(YOUR TASK): Copy each line below as written, but skip the pictures.
==== GIVEN MATERIAL ====
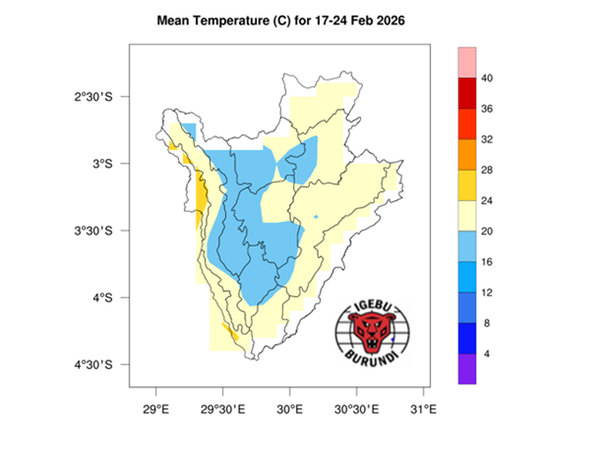 - Précipitations modérées, comprises entre 50 et 100 mm, sont attendues dans le reste du pays, à l’exception de certaines zones de l’Imbo et de certaines parties du Moso, où des précipitations faibles, comprises entre 10 et 30 mm, sont prévues.
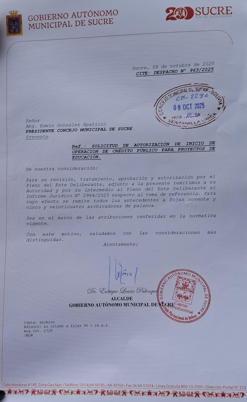 Sucre, 8 de octubre de 2025 — El Director Municipal de Educación, Miguel Ángel Calvimontes, lamentó el perjuicio generado por el Concejo Municipal de Sucre, luego de que este rechazara un crédito destinado a la reparación y mejoramiento de la infraestructura educativa del distrito. La decisión ha forzado la presentación de un nuevo paquete crediticio, retrasando la solución a los daños en numerosas unidades.
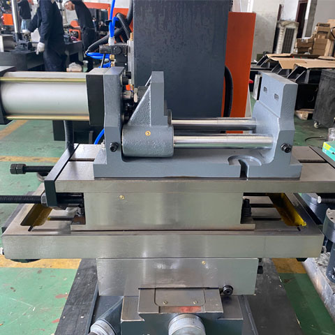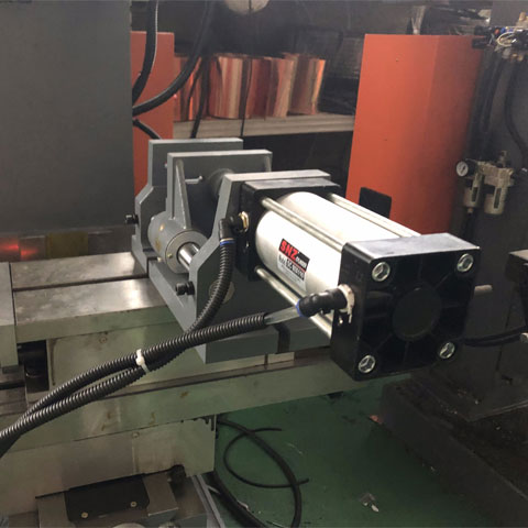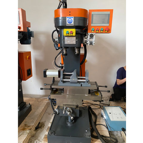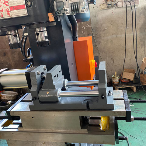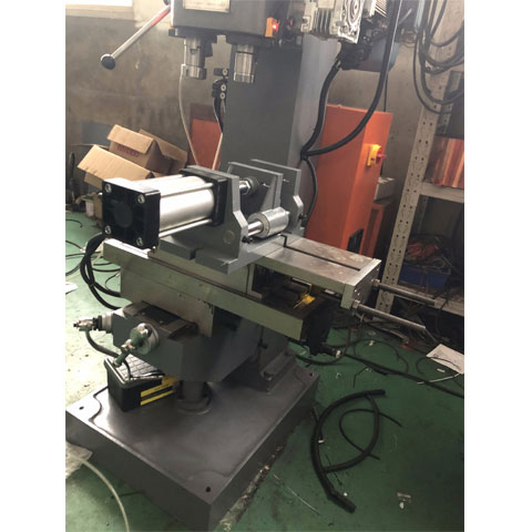 Kẹp, xử lý hai lỗ cùng lúc, khoảng cách lỗ xử lý tối đa là 170mm (chẳng hạn như xử lý 210mm cần phải tùy chỉnh), quy trình xử lý: Khoan lỗ đầu tiên - trụ bàn di chuyển sang trái - khoan lỗ thứ hai - xi lanh trượt di chuyển sang trái - xi lanh trượt di chuyển sang phải - gõ vào răng thứ hai - xi lanh bàn di chuyển đến trục khoan (trở lại vị trí) - kẹp - quay lại chu kỳ.
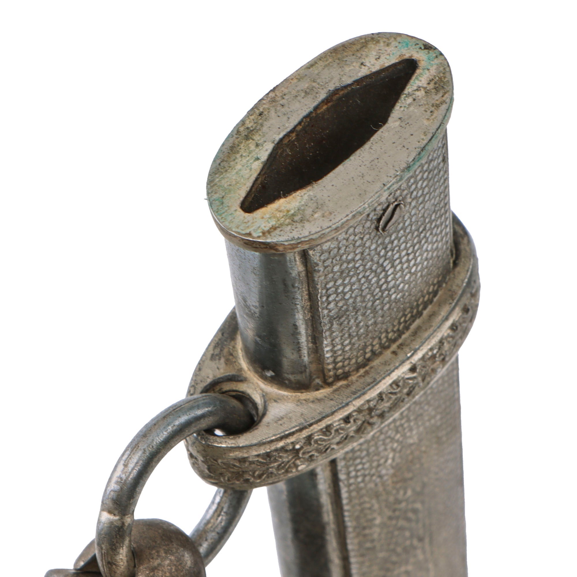 The scabbard is a very good example, made from high quality nickel plated steel, and showing no dents or bends to the body. There is now oxidation and wear to the plating, particularly on the sides, which now show the steel base metal. This scabbard has very crisp, finely pebble grained panels, and the carrying bands have a very nice overlapping oak and acorn motif, a common design seen on German edged weapons. They look to be made from tombak alloy, only used on early examples, and they have lost some of their original plating and also show wear to the acorn design. The throat is the thinner style, and was originally secured with a single flush-mount screw on the rear of the scabbard.
====
(SOLUTION BELOW):
 - Précipitations modérées, comprises entre 50 et 100 mm, sont attendues dans le reste du pays, à l’exception de certaines zones de l’Imbo et de certaines parties du Moso, où des précipitations faibles, comprises entre 10 et 30 mm, sont prévues.
 Sucre, 8 de octubre de 2025 — El Director Municipal de Educación, Miguel Ángel Calvimontes, lamentó el perjuicio generado por el Concejo Municipal de Sucre, luego de que este rechazara un crédito destinado a la reparación y mejoramiento de la infraestructura educativa del distrito. La decisión ha forzado la presentación de un nuevo paquete crediticio, retrasando la solución a los daños en numerosas unidades.
 Kẹp, xử lý hai lỗ cùng lúc, khoảng cách lỗ xử lý tối đa là 170mm (chẳng hạn như xử lý 210mm cần phải tùy chỉnh), quy trình xử lý: Khoan lỗ đầu tiên - trụ bàn di chuyển sang trái - khoan lỗ thứ hai - xi lanh trượt di chuyển sang trái - xi lanh trượt di chuyển sang phải - gõ vào răng thứ hai - xi lanh bàn di chuyển đến trục khoan (trở lại vị trí) - kẹp - quay lại chu kỳ.
 The scabbard is a very good example, made from high quality nickel plated steel, and showing no dents or bends to the body. There is now oxidation and wear to the plating, particularly on the sides, which now show the steel base metal. This scabbard has very crisp, finely pebble grained panels, and the carrying bands have a very nice overlapping oak and acorn motif, a common design seen on German edged weapons. They look to be made from tombak alloy, only used on early examples, and they have lost some of their original plating and also show wear to the acorn design. The throat is the thinner style, and was originally secured with a single flush-mount screw on the rear of the scabbard.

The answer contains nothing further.